To do: Your output should be the lines below from the one holding "De hoje (01/12)" through the one holding "Figure 1: Political", transcribed exactly, with no pictures.
Top of Given records
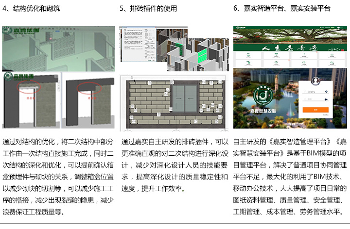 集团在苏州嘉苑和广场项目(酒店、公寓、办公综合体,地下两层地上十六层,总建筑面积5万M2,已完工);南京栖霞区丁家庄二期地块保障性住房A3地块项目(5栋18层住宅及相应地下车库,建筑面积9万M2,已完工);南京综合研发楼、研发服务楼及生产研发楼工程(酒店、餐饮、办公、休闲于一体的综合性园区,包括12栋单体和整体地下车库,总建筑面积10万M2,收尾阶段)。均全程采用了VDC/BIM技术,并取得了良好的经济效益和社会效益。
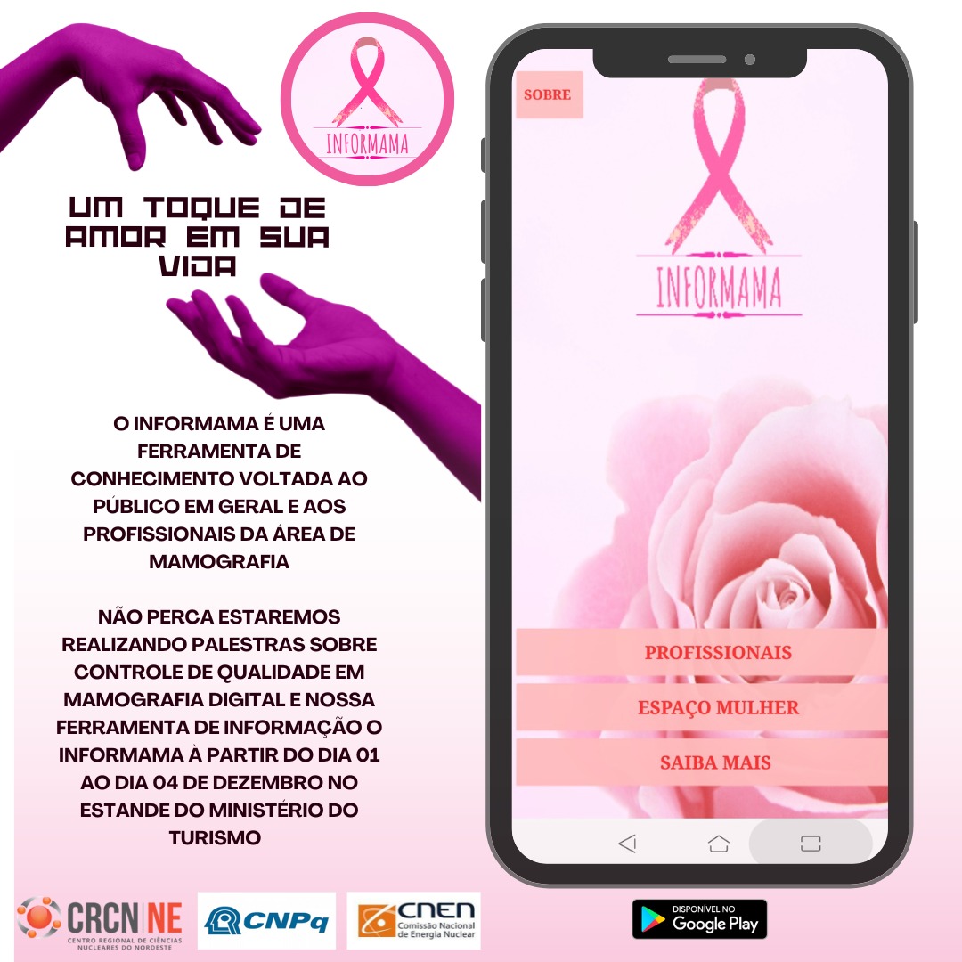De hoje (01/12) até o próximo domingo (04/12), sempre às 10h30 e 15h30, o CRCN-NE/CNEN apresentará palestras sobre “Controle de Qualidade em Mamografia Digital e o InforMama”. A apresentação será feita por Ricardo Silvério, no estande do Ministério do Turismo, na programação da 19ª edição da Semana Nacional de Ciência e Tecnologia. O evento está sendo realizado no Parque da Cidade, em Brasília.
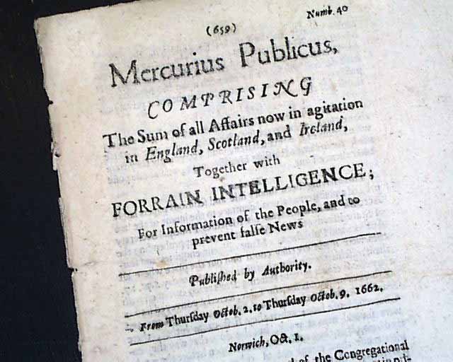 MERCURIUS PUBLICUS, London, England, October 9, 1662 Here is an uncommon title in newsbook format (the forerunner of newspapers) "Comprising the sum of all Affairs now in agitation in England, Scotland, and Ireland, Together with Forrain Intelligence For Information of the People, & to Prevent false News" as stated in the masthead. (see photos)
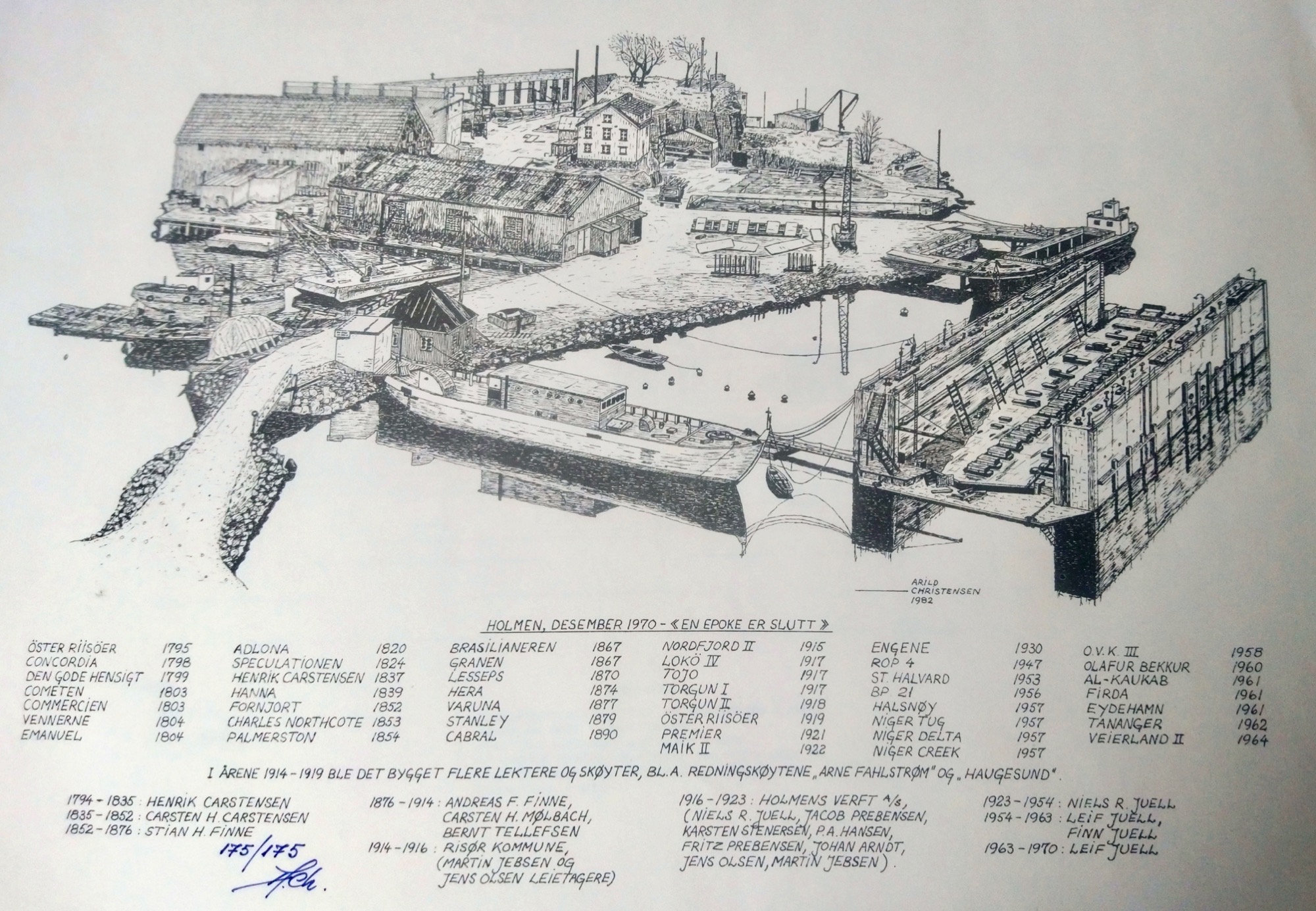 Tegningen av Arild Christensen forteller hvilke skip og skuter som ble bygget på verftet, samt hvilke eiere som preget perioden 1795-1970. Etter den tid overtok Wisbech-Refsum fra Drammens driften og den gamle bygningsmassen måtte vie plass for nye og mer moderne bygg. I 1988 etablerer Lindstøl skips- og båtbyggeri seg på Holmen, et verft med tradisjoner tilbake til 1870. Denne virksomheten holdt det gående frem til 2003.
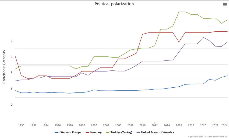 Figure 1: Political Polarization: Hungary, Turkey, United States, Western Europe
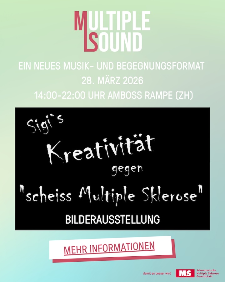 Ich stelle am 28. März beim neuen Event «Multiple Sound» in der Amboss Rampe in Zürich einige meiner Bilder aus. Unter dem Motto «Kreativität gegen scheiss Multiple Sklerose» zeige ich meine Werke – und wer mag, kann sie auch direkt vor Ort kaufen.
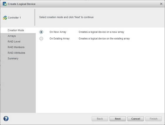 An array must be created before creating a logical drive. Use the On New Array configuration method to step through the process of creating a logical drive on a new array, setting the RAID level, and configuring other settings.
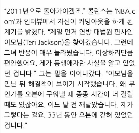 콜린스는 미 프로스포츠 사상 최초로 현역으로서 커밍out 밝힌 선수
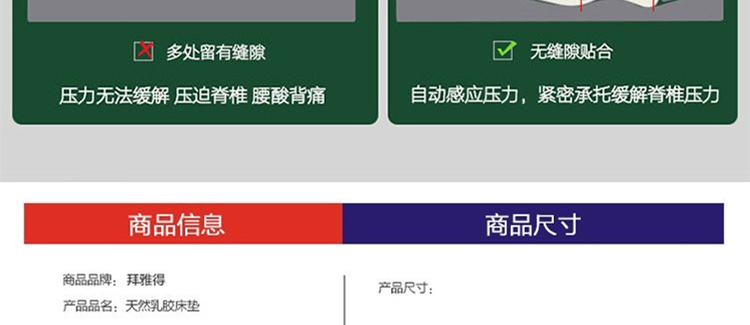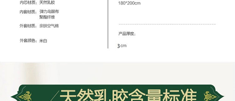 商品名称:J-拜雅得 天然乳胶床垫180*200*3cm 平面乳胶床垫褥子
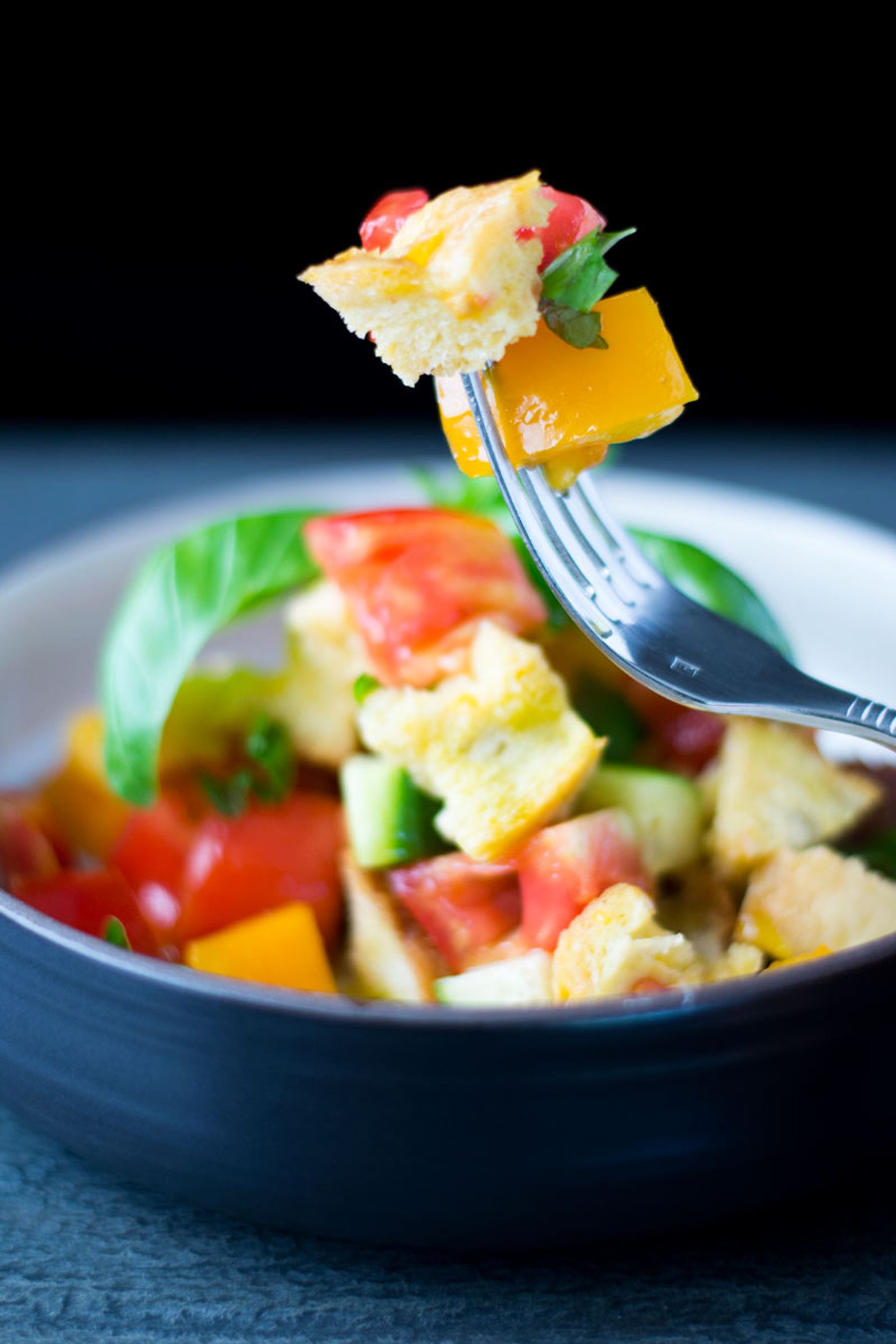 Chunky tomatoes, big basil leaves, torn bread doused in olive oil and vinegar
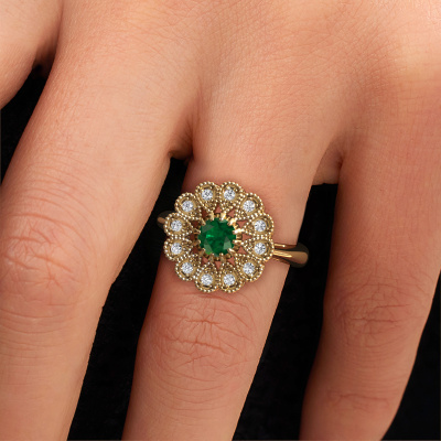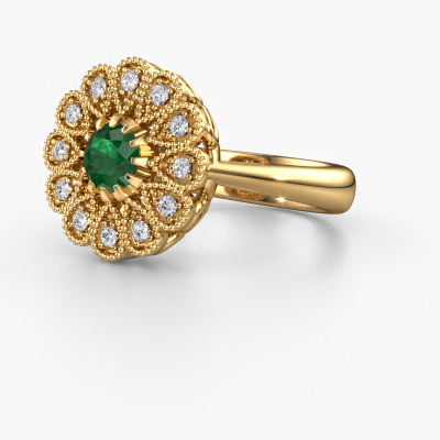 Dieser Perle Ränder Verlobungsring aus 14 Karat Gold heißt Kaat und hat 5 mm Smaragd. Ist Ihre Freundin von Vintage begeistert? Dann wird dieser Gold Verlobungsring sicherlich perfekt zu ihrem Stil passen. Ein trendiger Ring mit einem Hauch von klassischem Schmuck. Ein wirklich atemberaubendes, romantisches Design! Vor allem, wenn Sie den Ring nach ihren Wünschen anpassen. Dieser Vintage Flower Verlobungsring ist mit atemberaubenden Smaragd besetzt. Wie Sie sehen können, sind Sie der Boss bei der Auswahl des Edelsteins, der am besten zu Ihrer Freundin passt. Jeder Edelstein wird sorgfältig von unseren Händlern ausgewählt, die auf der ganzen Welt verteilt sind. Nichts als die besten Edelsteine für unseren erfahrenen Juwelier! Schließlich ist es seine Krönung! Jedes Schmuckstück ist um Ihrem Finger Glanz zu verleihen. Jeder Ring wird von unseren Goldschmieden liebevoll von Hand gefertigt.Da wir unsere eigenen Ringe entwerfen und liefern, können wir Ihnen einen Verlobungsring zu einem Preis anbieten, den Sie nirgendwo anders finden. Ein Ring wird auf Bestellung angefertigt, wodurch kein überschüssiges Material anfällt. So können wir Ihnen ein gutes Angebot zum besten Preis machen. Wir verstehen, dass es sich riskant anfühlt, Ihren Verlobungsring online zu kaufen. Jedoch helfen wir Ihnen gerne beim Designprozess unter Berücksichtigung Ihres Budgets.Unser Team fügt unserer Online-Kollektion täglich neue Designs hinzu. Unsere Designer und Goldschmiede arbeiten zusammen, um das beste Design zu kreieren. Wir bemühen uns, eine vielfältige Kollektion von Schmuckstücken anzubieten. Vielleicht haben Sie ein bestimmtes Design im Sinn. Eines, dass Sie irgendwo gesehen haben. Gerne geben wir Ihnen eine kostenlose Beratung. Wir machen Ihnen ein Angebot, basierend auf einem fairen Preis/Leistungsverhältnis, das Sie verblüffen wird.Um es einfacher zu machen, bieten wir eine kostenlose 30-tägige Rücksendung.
Bottom of Given records
The completed task:
De hoje (01/12) até o próximo domingo (04/12), sempre às 10h30 e 15h30, o CRCN-NE/CNEN apresentará palestras sobre “Controle de Qualidade em Mamografia Digital e o InforMama”. A apresentação será feita por Ricardo Silvério, no estande do Ministério do Turismo, na programação da 19ª edição da Semana Nacional de Ciência e Tecnologia. O evento está sendo realizado no Parque da Cidade, em Brasília.
 MERCURIUS PUBLICUS, London, England, October 9, 1662 Here is an uncommon title in newsbook format (the forerunner of newspapers) "Comprising the sum of all Affairs now in agitation in England, Scotland, and Ireland, Together with Forrain Intelligence For Information of the People, & to Prevent false News" as stated in the masthead. (see photos)
 Tegningen av Arild Christensen forteller hvilke skip og skuter som ble bygget på verftet, samt hvilke eiere som preget perioden 1795-1970. Etter den tid overtok Wisbech-Refsum fra Drammens driften og den gamle bygningsmassen måtte vie plass for nye og mer moderne bygg. I 1988 etablerer Lindstøl skips- og båtbyggeri seg på Holmen, et verft med tradisjoner tilbake til 1870. Denne virksomheten holdt det gående frem til 2003.
 Figure 1: Political Polarization: Hungary, Turkey, United States, Western Europe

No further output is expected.